If no tags match the filter specification, returns an empty (but not
NULL) Stone.  If no further stones can be read returns NULL.  If an
I/O error occurs, returns IOException.  Returns EOFException if the
caller makes additional calls to read_record() after it has returned
NULL.

* public abstract Stone get() throws IOException
* public abstract Stone get(String[] f) throws IOException

The Perl version of Boulder uses get() as a synonum for read_record(),
because some people requested it.  Now I use get() in preference to
the longer form and am open to entirely replacing read_record() with
get().

* public abstract void write_record(Stone s) throws IOException
* public abstract void write_record(Stone s, String[] f) throws IOException

These two methods write a Stone to an output device or file.  In the
first form, the Stone is written out with all its fields intact.  In
the second form, the Stone's tags are first filtered on the specified
array of filtering rules.  The format of filtering rules is identical
to the read_record() method.  If the Stone cannot be successfully
written, this method throws an IOException.
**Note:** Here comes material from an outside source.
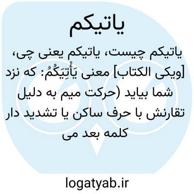 [ویکی الکتاب] معنی یَأْتِیَکُمُ: که نزد شما بیاید (حرکت میم به دلیل تقارنش با حرف ساکن یا تشدید دار کلمه بعد می باشد)
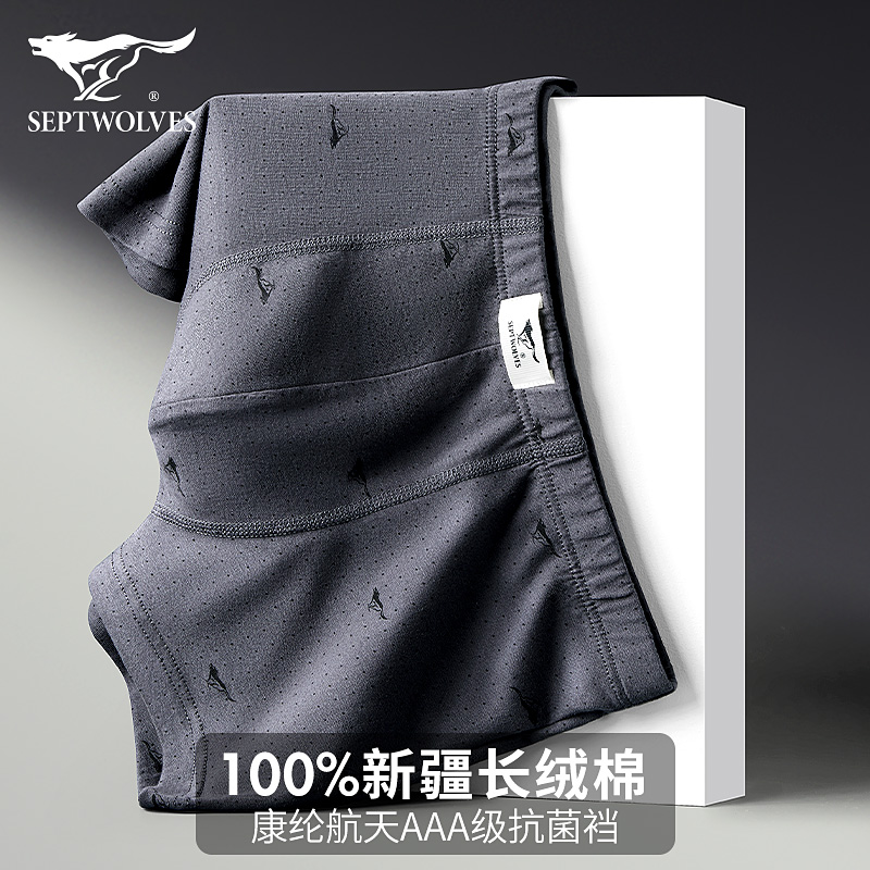 【产品名称:七匹狼2022年新款男士内裤男100%纯棉平角裤薄款透气抗菌裆四角裤】

* public abstract void put(Stone s) throws IOException
* public abstract void put(Stone s, String[] f) throws IOException

These methods are synonyms for write_record() in the Perl
implementation.  They are shorter, and if you like them better maybe
they should be the canonical names.

* public void filter(Boulder.Filter s)

This method adds a filter to the Boulder.IO object.  The filter is
presented with each Stone in turn and selects whether to accept the
Stone or reject it.  See the Boulder.Filter interface for details.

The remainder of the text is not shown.